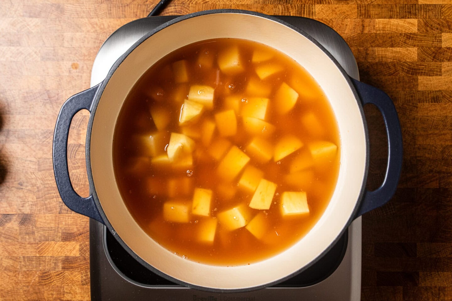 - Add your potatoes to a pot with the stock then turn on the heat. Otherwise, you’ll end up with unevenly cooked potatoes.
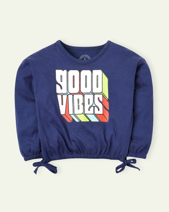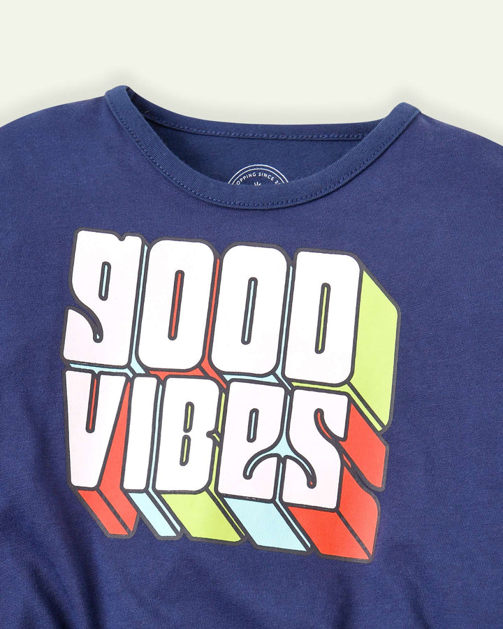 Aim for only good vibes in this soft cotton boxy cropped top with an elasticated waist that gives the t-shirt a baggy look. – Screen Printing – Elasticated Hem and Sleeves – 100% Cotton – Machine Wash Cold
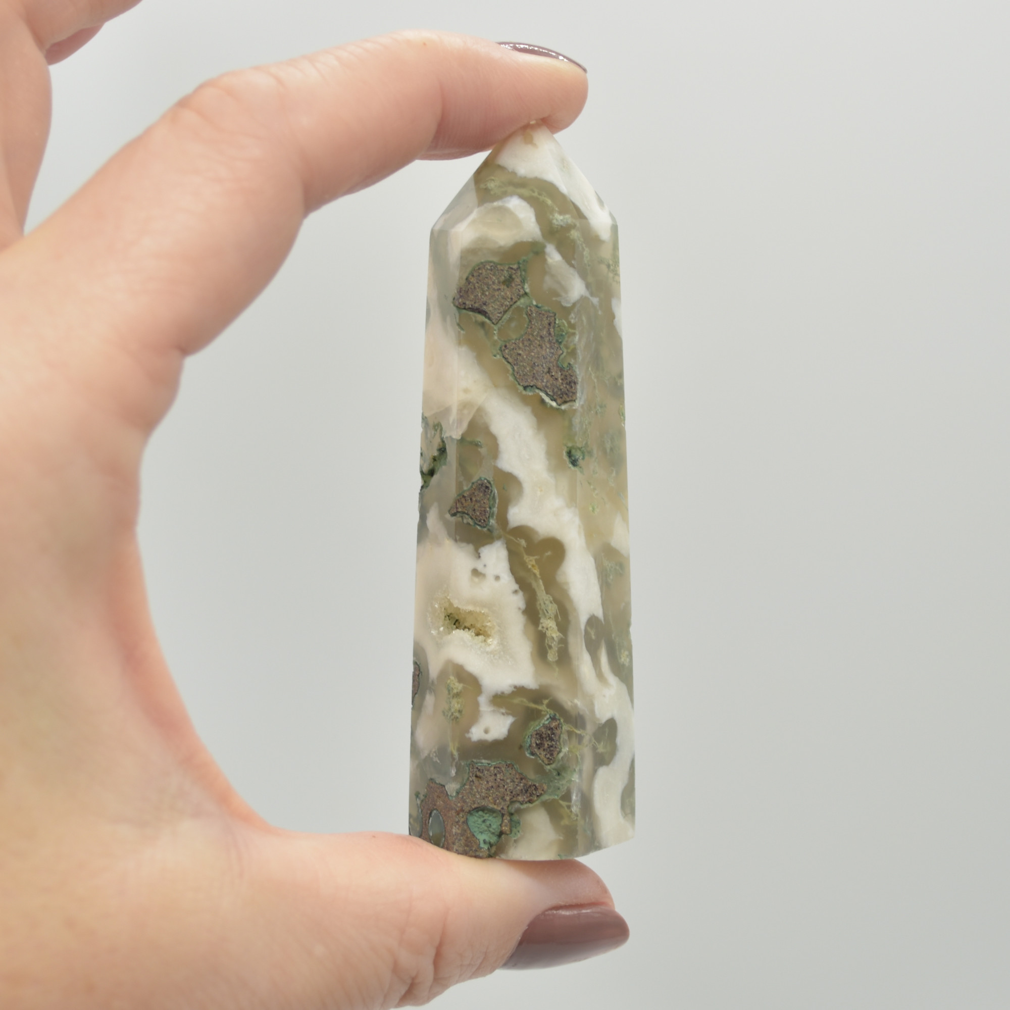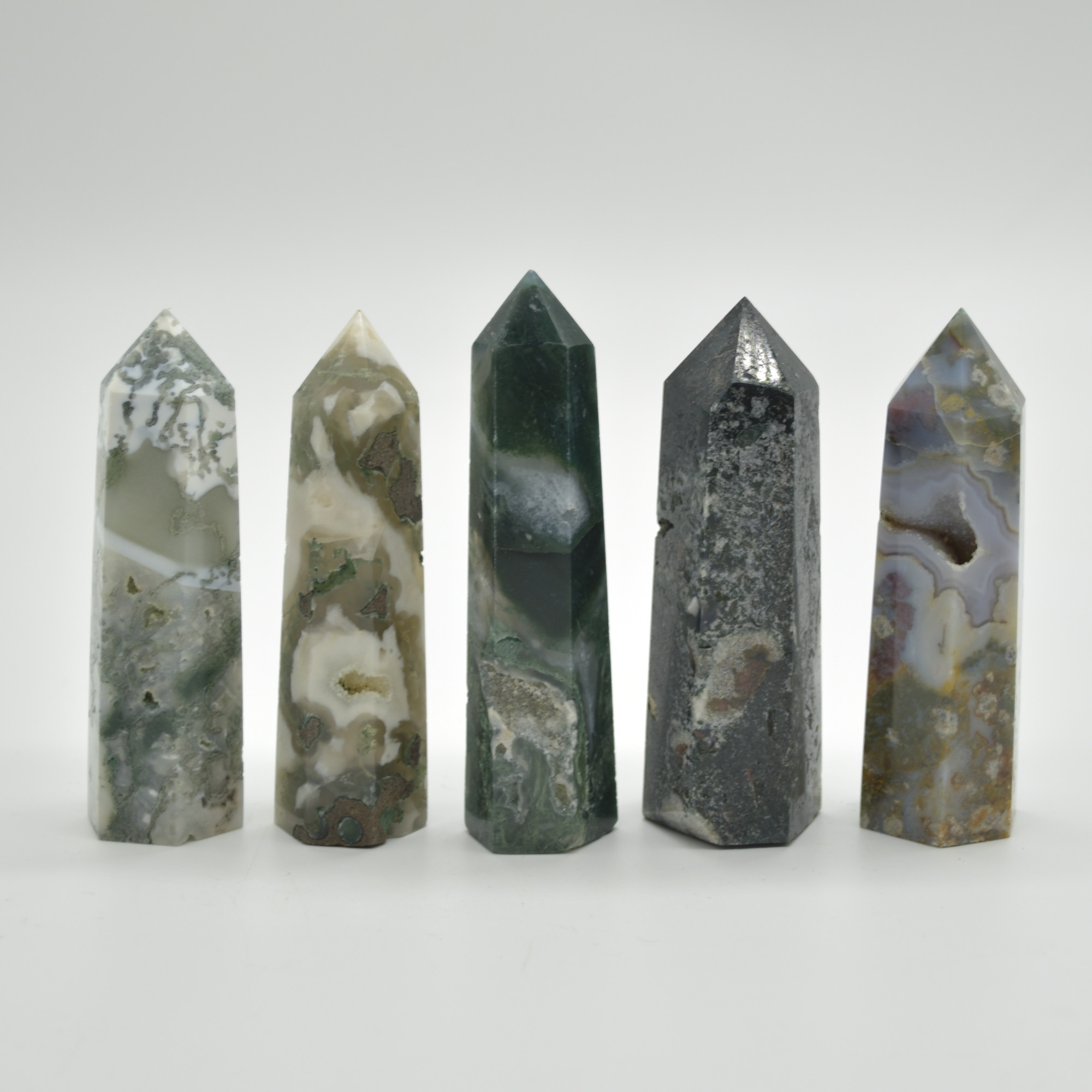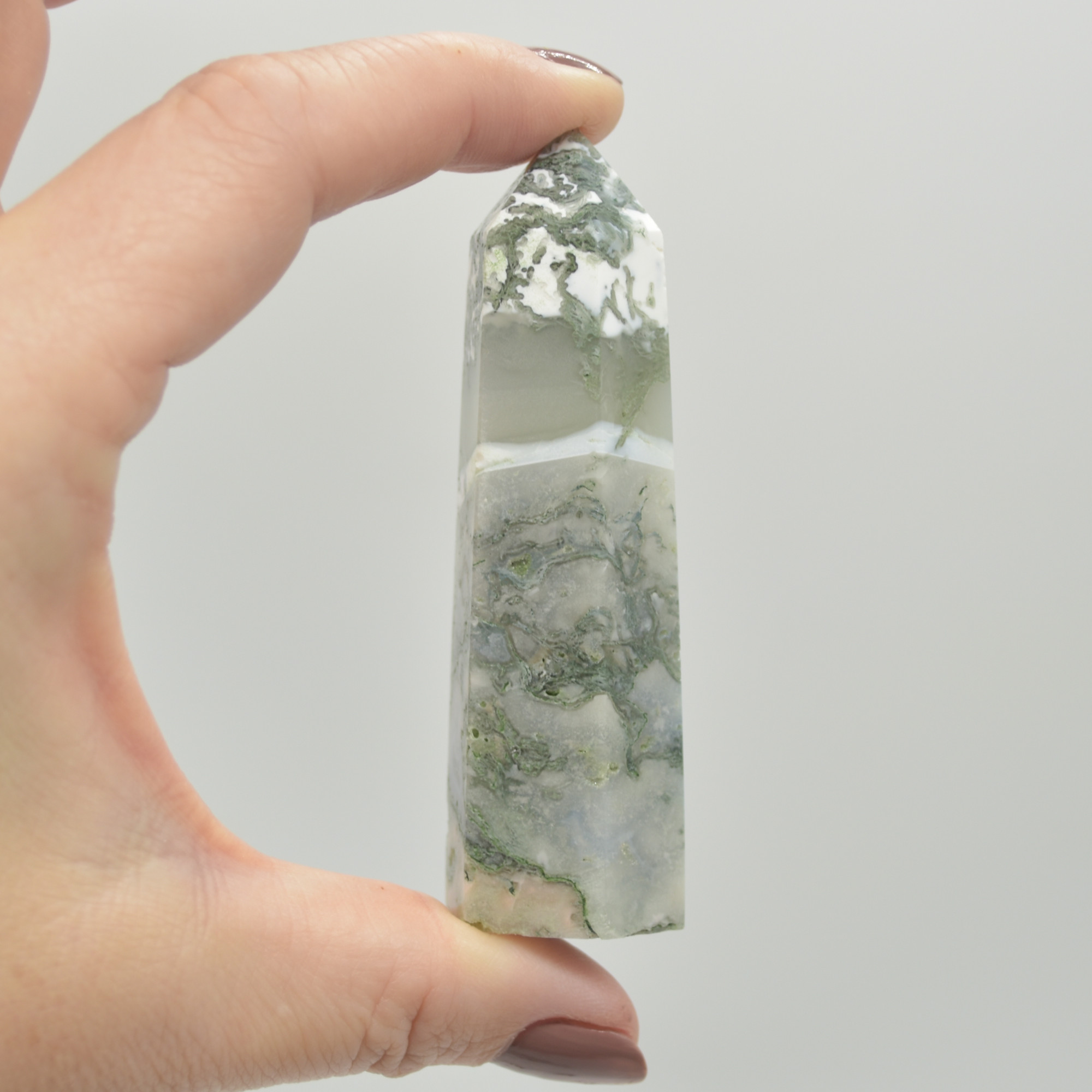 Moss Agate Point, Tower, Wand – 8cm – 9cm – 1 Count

# # # # # # #

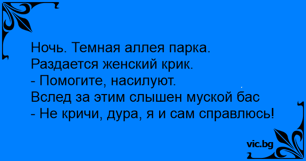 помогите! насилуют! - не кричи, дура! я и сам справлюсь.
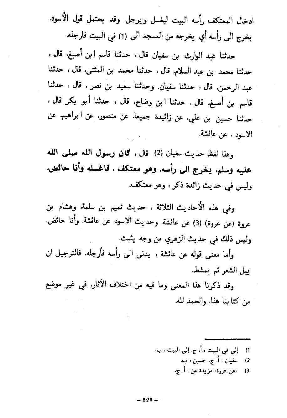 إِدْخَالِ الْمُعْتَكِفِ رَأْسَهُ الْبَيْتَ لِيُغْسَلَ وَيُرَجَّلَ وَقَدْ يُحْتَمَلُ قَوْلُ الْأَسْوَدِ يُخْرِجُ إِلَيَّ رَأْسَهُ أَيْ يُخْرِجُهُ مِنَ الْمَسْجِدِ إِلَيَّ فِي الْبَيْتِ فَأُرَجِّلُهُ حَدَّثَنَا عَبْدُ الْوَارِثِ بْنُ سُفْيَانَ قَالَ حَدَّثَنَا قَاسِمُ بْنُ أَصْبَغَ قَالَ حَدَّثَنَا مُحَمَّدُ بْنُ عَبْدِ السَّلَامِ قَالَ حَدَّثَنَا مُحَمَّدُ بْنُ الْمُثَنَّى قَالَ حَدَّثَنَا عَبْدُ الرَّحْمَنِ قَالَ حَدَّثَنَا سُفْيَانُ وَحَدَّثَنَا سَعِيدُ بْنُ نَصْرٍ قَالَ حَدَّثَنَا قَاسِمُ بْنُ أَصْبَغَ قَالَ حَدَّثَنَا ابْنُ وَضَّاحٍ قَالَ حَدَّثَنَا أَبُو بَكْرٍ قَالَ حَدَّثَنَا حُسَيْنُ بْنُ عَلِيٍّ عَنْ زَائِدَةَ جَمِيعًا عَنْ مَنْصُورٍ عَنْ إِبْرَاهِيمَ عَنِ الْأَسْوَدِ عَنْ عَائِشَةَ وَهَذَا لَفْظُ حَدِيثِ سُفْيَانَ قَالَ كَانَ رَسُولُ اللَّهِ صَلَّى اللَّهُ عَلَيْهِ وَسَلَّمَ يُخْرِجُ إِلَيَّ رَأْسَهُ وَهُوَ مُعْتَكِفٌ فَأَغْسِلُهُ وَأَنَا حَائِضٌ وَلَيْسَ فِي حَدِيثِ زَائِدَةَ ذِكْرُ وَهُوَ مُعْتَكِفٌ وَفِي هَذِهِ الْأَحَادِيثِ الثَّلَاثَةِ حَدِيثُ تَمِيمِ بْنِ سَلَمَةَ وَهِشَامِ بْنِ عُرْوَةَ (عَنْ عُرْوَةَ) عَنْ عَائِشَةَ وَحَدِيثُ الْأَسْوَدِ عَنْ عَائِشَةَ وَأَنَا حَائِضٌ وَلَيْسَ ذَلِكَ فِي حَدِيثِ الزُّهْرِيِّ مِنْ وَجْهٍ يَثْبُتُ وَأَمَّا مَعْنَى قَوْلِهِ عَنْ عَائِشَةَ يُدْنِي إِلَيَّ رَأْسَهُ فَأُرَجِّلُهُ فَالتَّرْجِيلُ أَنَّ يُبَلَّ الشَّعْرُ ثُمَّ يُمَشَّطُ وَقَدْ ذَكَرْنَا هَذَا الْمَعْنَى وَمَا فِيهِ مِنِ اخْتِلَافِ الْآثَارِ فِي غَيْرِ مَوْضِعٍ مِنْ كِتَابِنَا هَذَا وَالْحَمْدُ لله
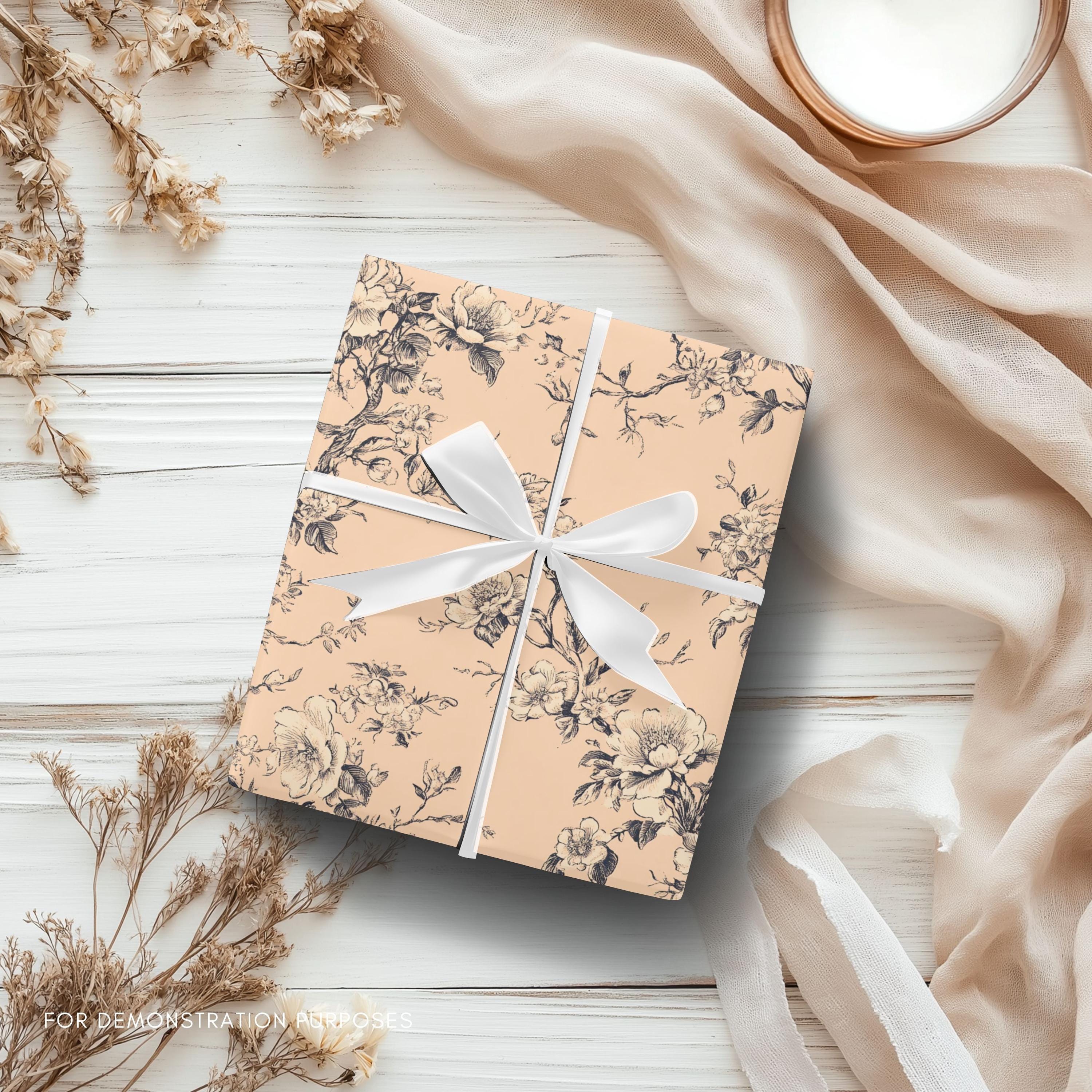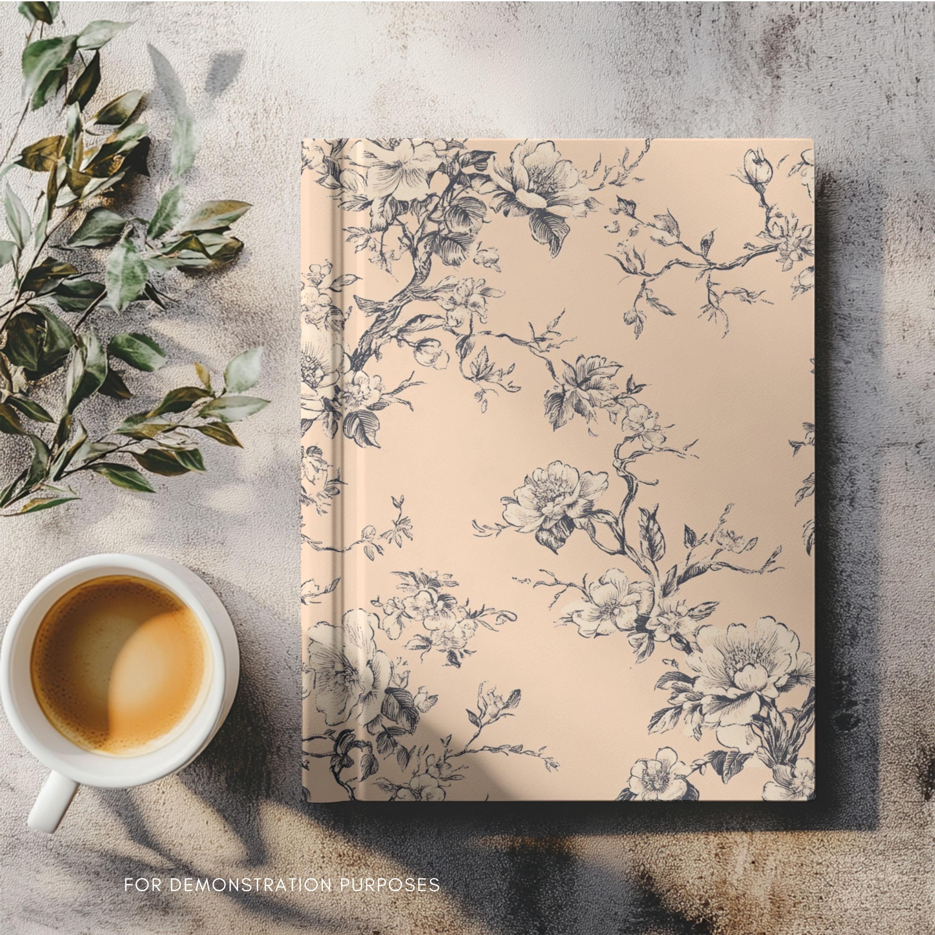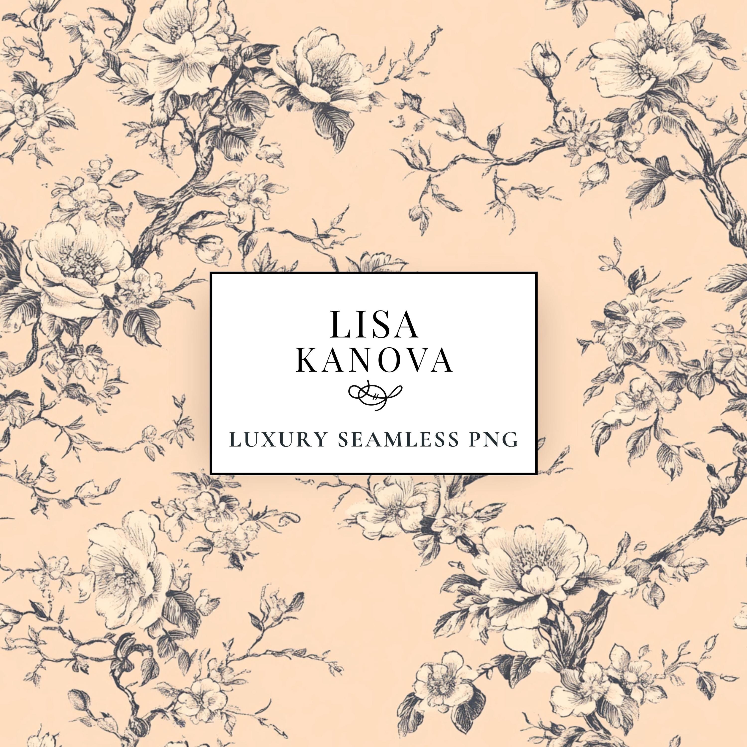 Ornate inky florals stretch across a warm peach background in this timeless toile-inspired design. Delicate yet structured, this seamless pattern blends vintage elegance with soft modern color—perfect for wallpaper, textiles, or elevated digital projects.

# # # # # # #

## THE PROBLEM
Nothing but the lines from the one with "- Add your potatoes" to the one with "Moss Agate Point, Tower, Wand" above, both included, should be transcribed, exactly and without pictures.

## RESPONSE
 - Add your potatoes to a pot with the stock then turn on the heat. Otherwise, you’ll end up with unevenly cooked potatoes.
 Aim for only good vibes in this soft cotton boxy cropped top with an elasticated waist that gives the t-shirt a baggy look. – Screen Printing – Elasticated Hem and Sleeves – 100% Cotton – Machine Wash Cold
 Moss Agate Point, Tower, Wand – 8cm – 9cm – 1 Count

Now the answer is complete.